Using summary() on the geometry column of the world data object in the spData package provides valuable information about the spatial characteristics of the dataset:

  1. Geometry Type:
    • The output will indicate the type of geometries present in the world data object. Here, it is MULTIPOLYGON suggesting that the dataset represents the outlines of countries or regions in MULTIPLOYGON formats.
  2. Number of Countries:
    • The summary will show the number of geometries or features present, which corresponds to the number of countries or regions represented in the world dataset. Here, it is 177 countries.
  3. Coordinate Reference System (CRS):
    • The output will include details about the CRS, and in the present case it is EPSG:4326.
summary((spData::world$geom))
 MULTIPOLYGON     epsg:4326 +proj=long... 
          177             0             0 

E2

To generate the world map, you can run the following code (as shown in Section 2.2.3):

Code
library(spData)
plot(world[3:6])
plot(world["pop"])
Figure 6: Reproducing Figure 2.4 of the book
Figure 7: Reproducing Figure 2.4 of the book
  • Similarities:
    1. The map displays country boundaries and highlights the global population distribution as shown in the book.
    2. The color scale representing population data is consistent with that described in the book, with larger populations shown with more intense colors.
  • Differences:
    1. The aspect ratio or positioning of the map might vary depending on your screen resolution and window size.
    2. The color theme and legend display may differ if your R setup or graphic device uses default settings different from those in the book.
  • cex Argument: This parameter controls the size of plotting symbols in R. It is a numeric value that acts as a multiplier for the default size of symbols.
    • Setting cex to values larger than 1 enlarges symbols, while values less than 1 shrink them.
  • Reason for cex = sqrt(world$pop) / 10000 : The code sets cex to sqrt(world$pop) / 10000 to scale the size of the points on the map in proportion to the population of each country. This square root transformation is used to moderate the variation in symbol sizes because population values can vary significantly between countries. Dividing by 10,000 helps to reduce the symbol size to a reasonable range for plotting.

Other Ideas: —

  • Bubble Plot: Overlay a bubble plot on the map with points sized by population.
Code
plot(world["pop"])
points(st_coordinates(st_centroid(world$geom)), 
       cex = sqrt(world$pop) / 5000, 
       col = "red", pch = 19)

  • Choropleth Map: Use color gradients to represent population density.
Code
library(tmap)
tm_shape(world) +
  tm_polygons("pop", style = "jenks", 
              palette = "Blues", 
              title = "Population")

  • Log Transformation: Visualize population using a log scale for better differentiation.
Code
world$log_pop = log10(world$pop + 1)
plot(world["log_pop"])


E3

To create a map of Nigeria in context and customize it using the plot() function, you can follow these steps:

Step 1: Load Necessary Libraries and Data: Make sure you have the spData package loaded and access to the world spatial data.

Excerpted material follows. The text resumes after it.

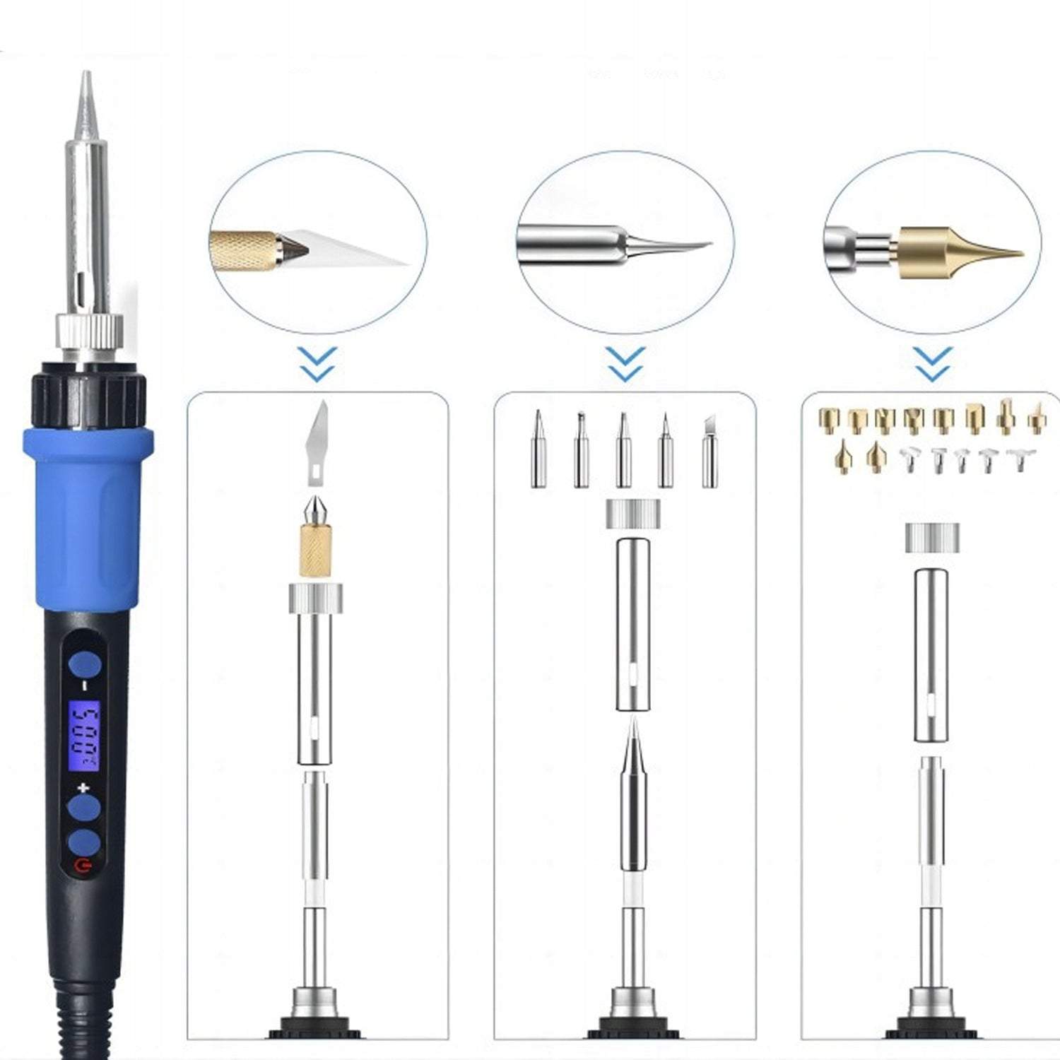 Komplektā ietilpst lodāmurs ar LCD displeju, vāciņš, pincete, 5 uzgaļi, skārds,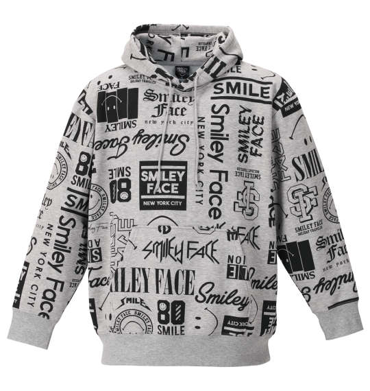 SMILEY FACE 裏起毛総柄プルパーカー

Step 2: Plotting Nigeria in Context: You can plot Nigeria by subsetting the world data and adjusting parameters such as lwd (line width), col (color), and expandBB (expanding the bounding box). Here’s an example code snippet:

Step 3: Annotating the Map: To annotate the map with text labels, you can use the text() function. Here’s an example where we add the name of Nigeria and its capital, Abuja:

Step 4: Exploring the text() Documentation

  • lwd: This argument controls the line width for the borders of the countries.
  • col: This argument sets the fill color for the countries. You can customize it based on your preference.
  • expandBB: This argument expands the bounding box of the plot, which can help visualize nearby areas more clearly.

E4

To create an empty SpatRaster object with 10 columns and 10 rows, assign random values between 0 and 10, and then plot it, you can use the terra package in R. Here’s how you can do it:

Code
library(terra)

# Create an empty SpatRaster object with 10 columns and 10 rows
my_raster <- rast(nrows = 10, ncols = 10)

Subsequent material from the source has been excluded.